CLEO was an inspiring alternative to the fluffy magazines of the time, and gave women a sense of purpose.

However it’s now been revealed that the iconic publication will soon close its doors forever, marking the end of an era.

According to a News Corp report, Bauer Media staff are expected to be notified of the closure today, including editor-in-chief Lucy Cousins.

The move comes after the Cleo website was shut down quietly in November by the publisher, with the magazine set to follow by Easter.

CLEO posted a circulation decline of 20.7 per cent at the end of last year, with a circulation of 42,212, down from 130,000 readers in 2009, reports Mumbrella.

Founding editor Ita Buttrose told News Corp: “The writing was on the wall once I knew they were going to start stripping stories from other publications rather than commissioning stories here in Australia.

“It’s sad; it’s like a death in the family for me, but it hadn’t been the mag the Cleo team created all those years ago for some time now.”

A statement from Bauer provided to Fairfax media called the media reports “pure speculation”, saying that no announcement about was expected in the “near future”.

It seems that while nothing is 100 per cent confirmed, CLEO will become yet another victim of the flagging print industry.

Tell us, do you remember reading CLEO, or buying it for your daughters?

Starts at 60 Writers

The Starts at 60 writers team seek out interesting topics and write them especially for you.

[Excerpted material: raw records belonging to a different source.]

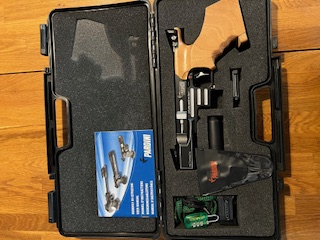 Die Pistole wird im Original Koffer mit Werkzeug, 2 Stk. Magazin a 5 Schuss, und Schloss ausgeliefert.
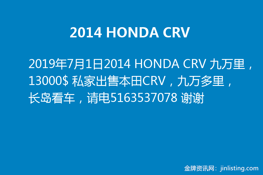 2014 HONDA CRV 九万里,13000$ 私家出售本田CRV,九万多里,长岛看车,请电5163537078 谢谢
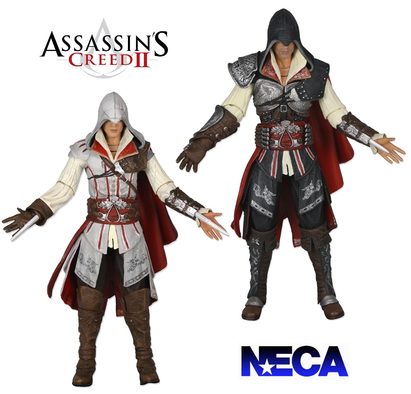 Unpainted prototypes of NECA's Assassin's Creed 2 action figures were on display at Comic-Con (pictured below), the stealthy video game character Ezio shown as two collectible versions: Classic White and Master Assassin Black. Pictured above are newly released images showing the figures in all their painted glory.
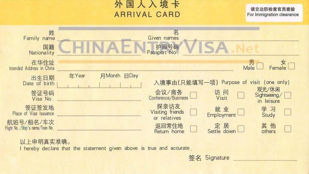 The Arrival Card is a personal information declaration form that international passengers must fill out when entering China. Contents include:
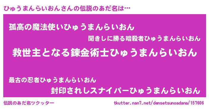 | ヒーロー風カッコイイあだ名 | 『慈愛の使者ひゅうまんらいおん』 |
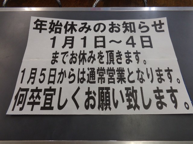 当店ですが1/1~1/4まで正月休暇となります。
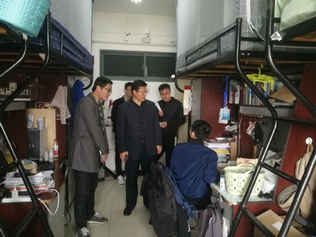 党委副书记张庆春带领各年级辅导员组成宿舍安全卫生检查组,对本科生及研究生宿舍进行检查。
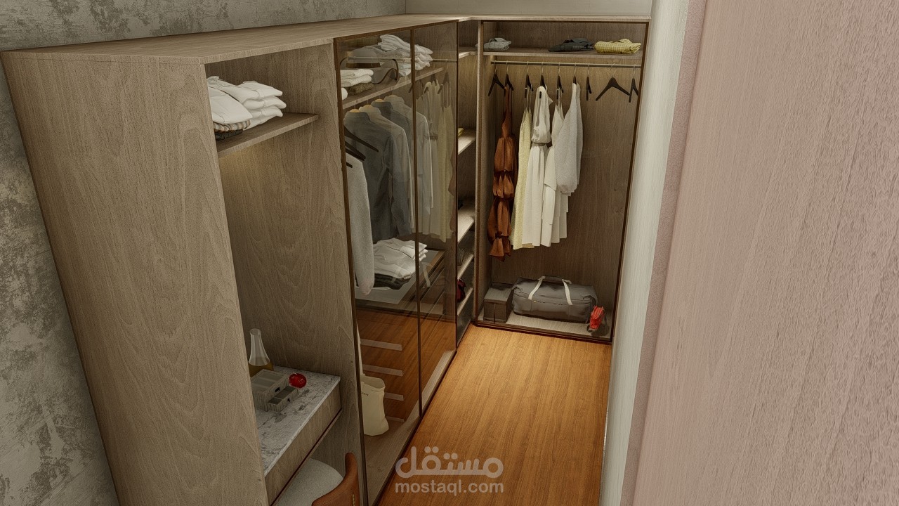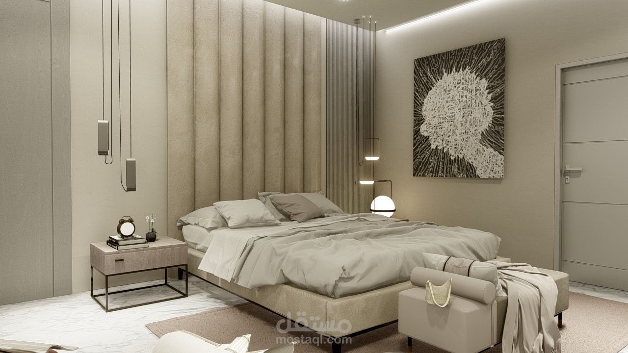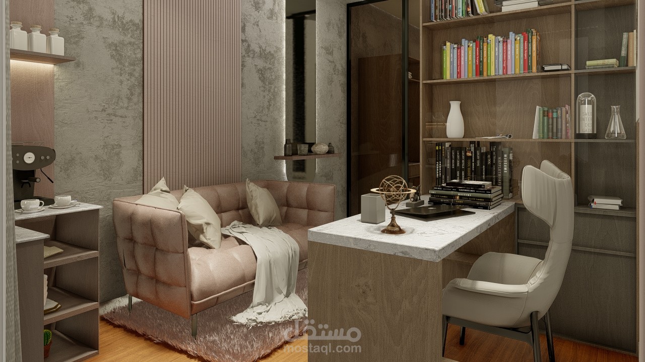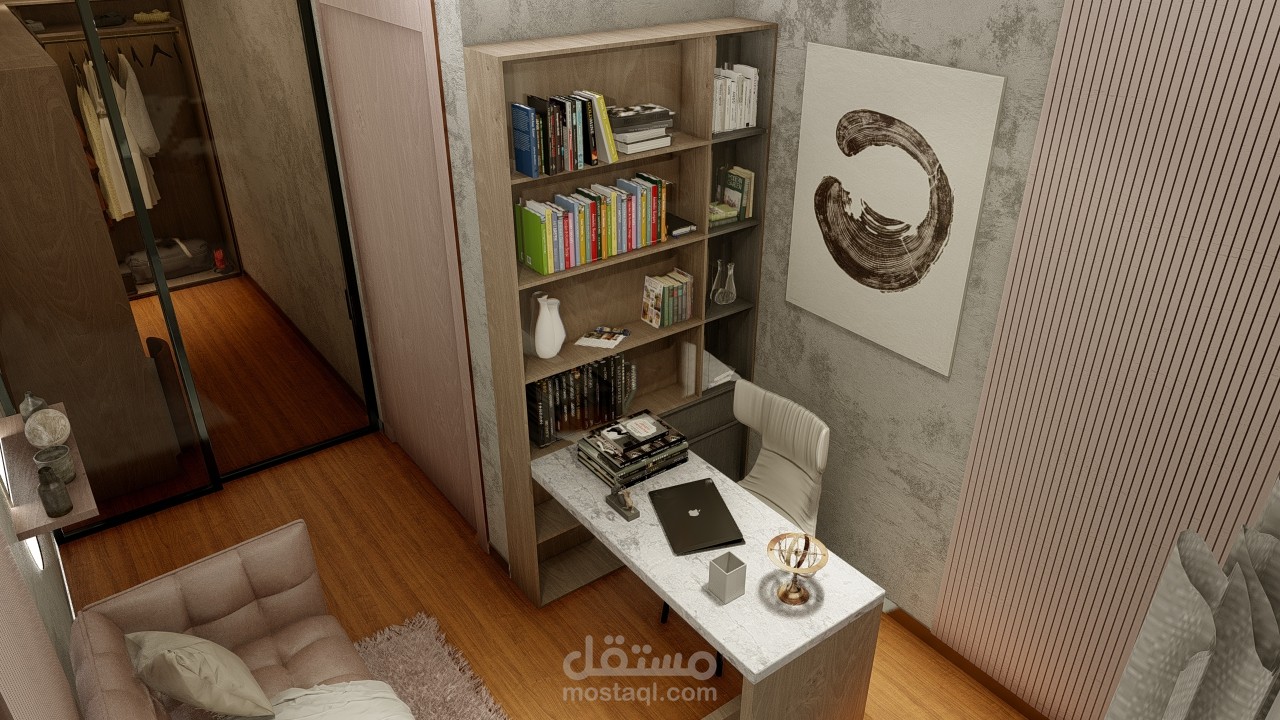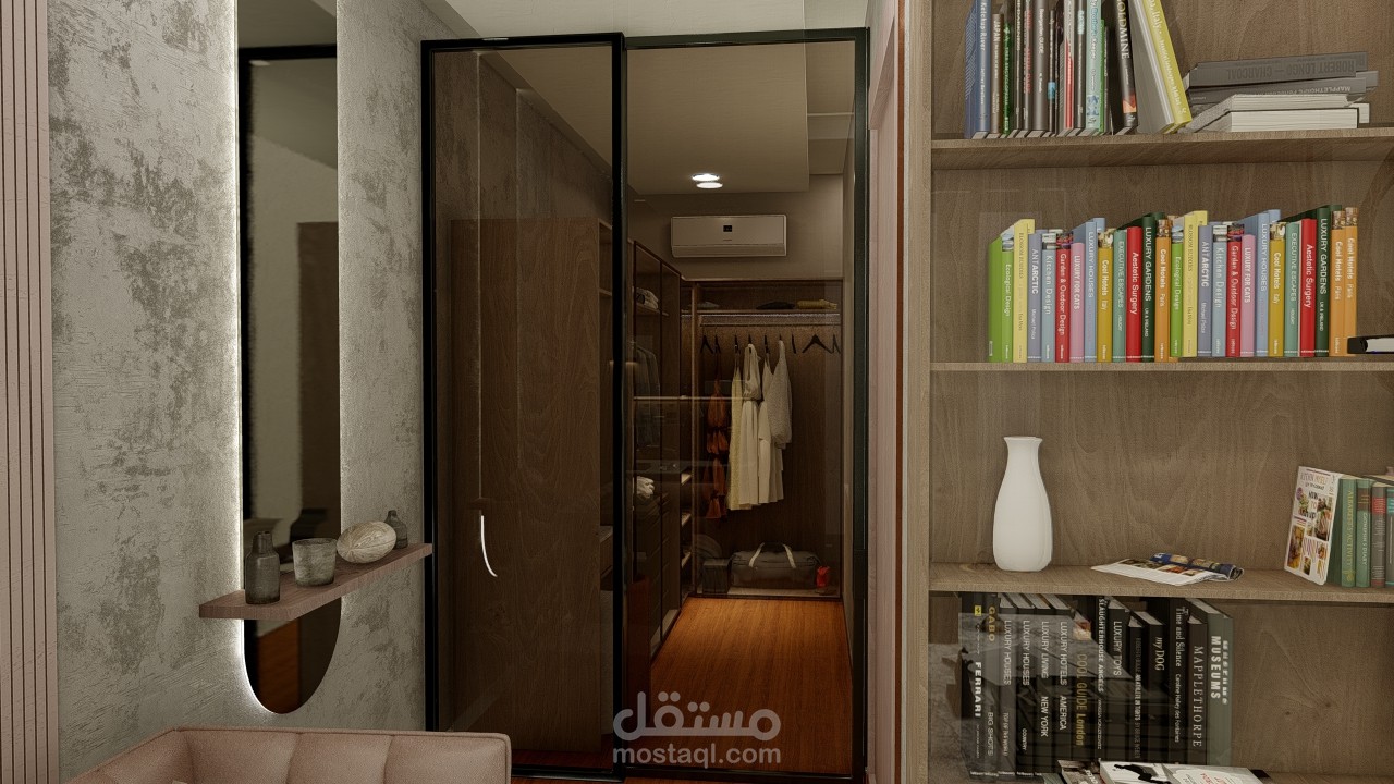 تصميم لغرفة نوم بالاضافة إلى غرفة مكتب وغرفة ملابس على طراز الموديرن مع جولة داخل المشروع بتقنية الواقع المعزز

  1. Bauer Media also owns The Australian Women’s Weekly, Woman’s Day, Dolly, NW, TV Week, Harper’s BAZAAR, Cleo, Cosmopolitan, ELLE, Australian Gourmet Traveller, Australian House & Garden and Wheels…… so its not likely they’ll be departing the print industry soon. But, NO, I didn’t take to CLEO. In its “hayday” it was ground-breaking, but I couldn’t afford the price – too expensive for me

  2. I bought the first edition of the magazine when still in high school. My friends and I used to read and discuss the articles. Will be a big loss…

  3. I loved Cleo as a 15 year old…my introduction to magazines. ..and I bought it untill I was 30yrs old…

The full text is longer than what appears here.